Subject matter expert:
There is a moment in every fintech QA automation effort when the tests are ready and the infrastructure to run them is still pending.
The suite exists. It validates transaction flows end-to-end, catches breaking changes across microservices, and produces clear results on the automation engineer’s machine. Nobody else ever sees those results. The pipeline that would deliver them to the wider team has yet to be configured.
On a MiCAR-regulated crypto-fiat platform, we decided to act. By applying AI in QA automation to bridge a specific technology gap, we built production-grade GitHub Actions pipelines from the QA side: daily scheduled runs, structured Slack reporting, and conditional execution logic. DevOps reviewed and approved the result in a two-hour session rather than a multi-week build.
This article covers how we did it, what we learned, and where AI in QA automation genuinely delivers value.
Content:
- Why QA Automation Gets Stuck in Fintech Teams
- How We Applied AI in QA Automation to Build Production-Grade CI/CD Pipelines
- What the AI-Assisted QA Automation Pipeline Actually Delivered
- Where AI in QA Testing Delivers and Where It Has Limits
- Beyond Pipelines: Other High-Value Uses of AI in QA Automation
- Lessons From Applying AI in QA Testing on a Live Fintech Project
- How Fintech Teams Can Start Implementing AI in QA Automation
- Conclusion
Why QA Automation Gets Stuck in Fintech Teams
The Pipeline Bottleneck Most Teams Accept
The pattern repeats across fintech engineering teams: an automation engineer writes a capable test suite, runs it manually a few times, and then watches it sit idle because the CI/CD pipeline to make it a shared daily signal has yet to be configured.
This is a structural constraint. Building reliable pipelines for test automation takes time and specific platform knowledge, and in most fintech teams, the person with both is the DevOps engineer, who is already committed to higher-priority work.

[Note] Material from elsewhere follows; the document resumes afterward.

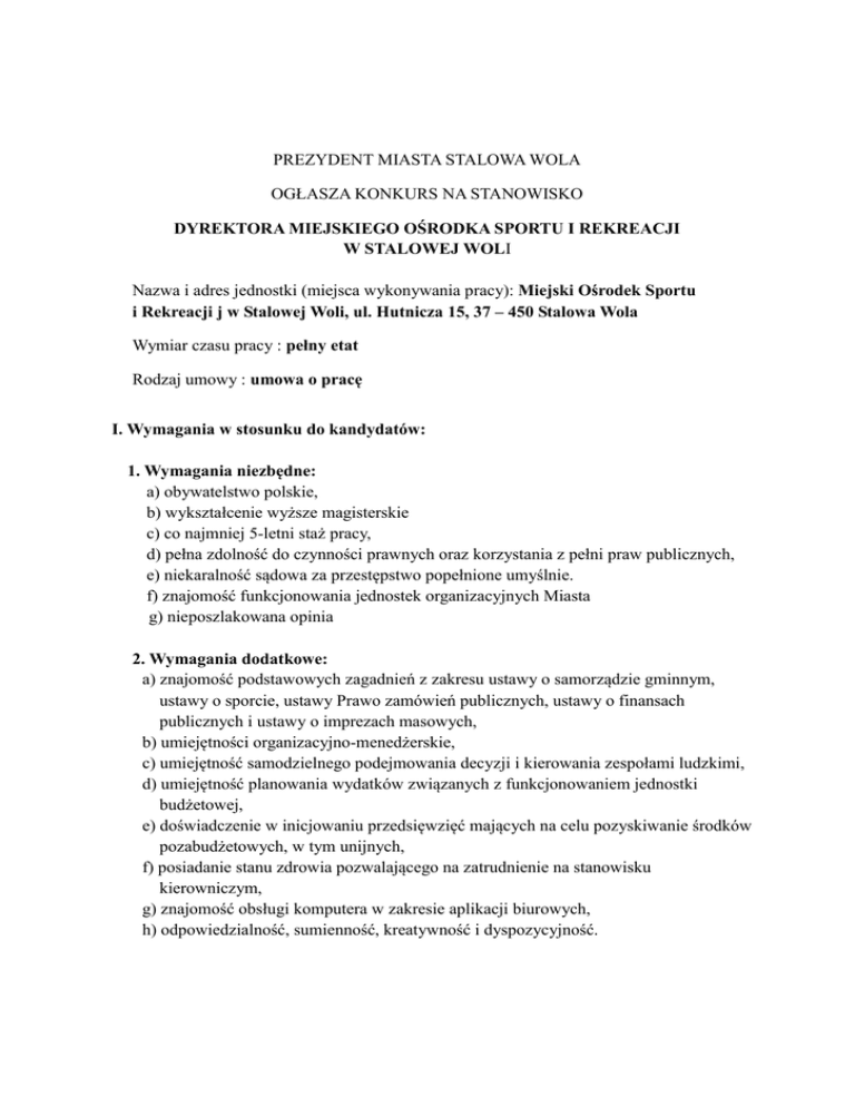 PREZYDENT MIASTA STALOWA WOLA OGŁASZA KONKURS NA STANOWISKO DYREKTORA MIEJSKIEGO OŚRODKA SPORTU I REKREACJI W STALOWEJ WOLI Nazwa i adres jednostki (miejsca wykonywania pracy): Miejski Ośrodek Sportu i Rekreacji j w Stalowej Woli, ul. Hutnicza 15, 37 – 450 Stalowa Wola Wymiar czasu pracy : pełny etat Rodzaj umowy : umowa o pracę I. Wymagania w stosunku do kandydatów: 1. Wymagania niezbędne: a) obywatelstwo polskie, b) wykształcenie wyższe magisterskie c) co najmniej 5-letni staż pracy, d) pełna zdolność do czynności prawnych oraz korzystania z pełni praw publicznych, e) niekaralność sądowa za przestępstwo popełnione umyślnie. f) znajomość funkcjonowania jednostek organizacyjnych Miasta g) nieposzlakowana opinia 2. Wymagania dodatkowe: a) znajomość podstawowych zagadnień z zakresu ustawy o samorządzie gminnym, ustawy o sporcie, ustawy Prawo zamówień publicznych, ustawy o finansach publicznych i ustawy o imprezach masowych, b) umiejętności organizacyjno-menedżerskie, c) umiejętność samodzielnego podejmowania decyzji i kierowania zespołami ludzkimi, d) umiejętność planowania wydatków związanych z funkcjonowaniem jednostki budżetowej, e) doświadczenie w inicjowaniu przedsięwzięć mających na celu pozyskiwanie środków pozabudżetowych, w tym unijnych, f) posiadanie stanu zdrowia pozwalającego na zatrudnienie na stanowisku kierowniczym, g) znajomość obsługi komputera w zakresie aplikacji biurowych, h) odpowiedzialność, sumienność, kreatywność i dyspozycyjność. II. Zakres wykonywania zadań na stanowisku: 1. Kierowanie całokształtem działalności MOSiR w Stalowej Woli i reprezentowanie go na zewnątrz. 2. Wykonywanie czynności pracodawcy w stosunku do osób zatrudnionych w jednostce organizacyjnej 3. Organizowanie pracy w Ośrodku i sprawowanie nadzoru nad realizacją zadań. 4. Dysponowanie środkami określonymi w planie finansowym placówki, ponoszenie odpowiedzialności za ich prawidłowe wykorzystanie. 5. Zarządzanie posiadanymi obiektami i urządzeniami oraz ich efektywna eksploatacja dla potrzeb sportu w ramach posiadanych upoważnień, 6. Propagowanie i realizacja wszelkich usług z zakresu sportu i masowej kultury fizycznej i turystyki przy ścisłym współdziałaniu z organizacjami kultury fizycznej i sportu. 7. Pozyskiwanie środków pozabudżetowych na działalność statutową Ośrodka, w tym środków unijnych. III. Wymagane dokumenty: 1. CV i list motywacyjny. 2. Opracowana w formie pisemnej koncepcja funkcjonowania i rozwoju MOSiR w Stalowej Woli (nie więcej niż cztery strony). 3. Kserokopie dyplomów i świadectw potwierdzających wykształcenie kandydata. 4. Kserokopie świadectw pracy lub innych dokumentów potwierdzających doświadczenie zawodowe. 5. Referencje. 6. Oświadczenie o niekaralności (w przypadku wygrania naboru zaświadczenie z Krajowego Rejestru Karnego). 7. Oświadczenie stwierdzające brak przeciwwskazań zdrowotnych do wykonywania pracy na stanowisku kierowniczym. 8. Kwestionariusz osobowy, 9. kserokopia dowodu osobistego. Uwaga: kwestionariusz osobowy, list motywacyjny oraz oświadczenia powinny być opatrzone własnoręcznym podpisem, natomiast kserokopie dokumentów poświadczone przez kandydata za zgodność z oryginałem. Dokumenty aplikacyjne: list motywacyjny, CV powinny być opatrzone klauzulą: Wyrażam zgodę na przetwarzanie moich danych osobowych zawartych w mojej ofercie pracy dla potrzeb niezbędnych do realizacji procesu rekrutacji, zgodnie z ustawą z dnia 29 sierpnia 1997r. o ochronie danych osobowych (t.j. z 2002r. Dz. U. Nr 101, poz. 926 z późn. zm.). Przyjmuję do wiadomości fakt obowiązku publikacji w Biuletynie Informacji Publicznej moich danych osobowych, zgodnie z wymogami ustawy z dnia 21 listopada 2008 r. o pracownikach samorządowych (Dz. U. Nr 223, poz. 1458). Wymagane dokumenty aplikacyjne winny być własnoręcznie podpisane i złożone osobiście w terminie do dnia 29 czerwca 2015 r. (decyduje data wpływu do Urzędu), w Wydziale Organizacji Urzędu Miasta w Stalowej Woli, ul. Wolności 7, 37-450 Stalowa Wola (pok. Nr 8) w zaklejonych kopertach z imieniem, nazwiskiem, adresem zamieszkania, numerem telefonu, z dopiskiem: „Nabór na stanowisko Dyrektora Miejskiego Ośrodka Sportu i Rekreacji w Stalowej Woli” Kwestionariusz osobowy można uzyskać na stronie internetowej http://www.bip.stalowawola.pl/ lub w pokoju Nr 8 w Urzędzie Miasta w Stalowej Woli ul. Wolności 7. Komisja zastrzega sobie prawo nieskorzystania z oferty bez podania przyczyny. Z udziału w konkursie wyłączone są osoby, które w poprzednich miejscach pracy zostały odwołane ze stanowiska lub stosunek pracy został rozwiązany z przyczyn dyscyplinarnych. Prezydent Miasta Stalowa Wola Lucjusz Nadbereżny

The typical response is to wait. File a ticket. Raise it at standup. Wait longer. Eventually, the pipeline gets built weeks or months later, and the team retroactively starts extracting value from automation they wrote long ago.
When DevOps Priorities Push QA Infrastructure to the Backlog
On our project, the DevOps engineer was doing exactly what he should have been doing: securing production infrastructure for a platform handling digital asset transactions under regulatory oversight, managing deployment pipelines for the development team, and keeping live environments stable.
A test runner for QA was correctly further down the priority list. This reflects how most fintech engineering teams actually operate. Infrastructure and security take precedence. QA automation pipelines wait.
The question we asked was: does it have to be this way?
How We Applied AI in QA Automation to Build Production-Grade CI/CD Pipelines
Translating CI/CD Knowledge Across Platforms with AI
Our lead QA automation engineer had built CI/CD pipelines for test frameworks on three previous projects, all on Jenkins. He understood the architecture well: scheduled triggers, conditional execution paths, structured Slack notifications with pass/fail breakdowns and change attribution, and failure handling that routes differently based on test type and severity.
He knew exactly what a finished pipeline looked like. His gap was fluency in GitHub Actions, the CI/CD platform this project used: different syntax, a different configuration model, a different ecosystem of marketplace actions.
This is a very specific engineering problem, and one where AI in QA automation is genuinely effective. You understand the domain deeply. You know the target architecture. You can evaluate whether an output is correct. What you are missing is familiarity with one platform’s idioms. AI excels at exactly this kind of translation: describe what the pipeline needs to do, receive platform-specific implementation, review against your mental model, iterate.
Our engineer used Augment Code and built the pipeline across several focused sessions. He described specific behaviors, reviewed every block of generated YAML, and made judgment calls at each step about what actually fit the project’s requirements.
What Made AI Effective Here: Adjacent Expertise
The concept that kept coming up in our internal review of this process was adjacent expertise. Our engineer had full CI/CD knowledge; what he lacked was GitHub Actions syntax. That distinction matters enormously for how AI in QA testing can be used responsibly.
When someone with deep pipeline architecture experience uses AI to generate configuration files, they can evaluate the output. When the generated YAML contained a logic error, our engineer caught it, because he knew what correct pipeline behavior looked like and could recognize when the output would fall short.
The reverse situation is materially different. If someone with no CI/CD experience on any platform attempted the same approach, the AI would still produce something. It might even run. Yet that engineer would have no frame of reference to evaluate whether the notification logic handled edge cases correctly, whether the conditional execution was robust under failure conditions, or whether the overall design was appropriate for production use.
What the AI-Assisted QA Automation Pipeline Actually Delivered
Daily Scheduled Test Runs
What we call a Platinum Journey test suite, a focused set of 5-10 end-to-end tests covering the platform’s core user journeys (account creation, account linking, send, receive, swap, and top-up), now runs every morning on a scheduled trigger. No manual intervention. No dependency on anyone remembering.
The design principle behind Platinum Journey was deliberate restraint: targeted coverage rather than exhaustive coverage, structured as a daily stability signal. When it passes, core transaction flows are intact. When it fails, something changed and the team finds out before users do.
On one occasion before the pipeline existed, a backend developer added new mandatory fields to the onboarding endpoint. Platinum Journey failed immediately with a 400 error, surfacing that the frontend had yet to implement the corresponding changes. The issue was caught ahead of deployment. That is the value the suite was designed to deliver, and it delivers it consistently only when running automatically.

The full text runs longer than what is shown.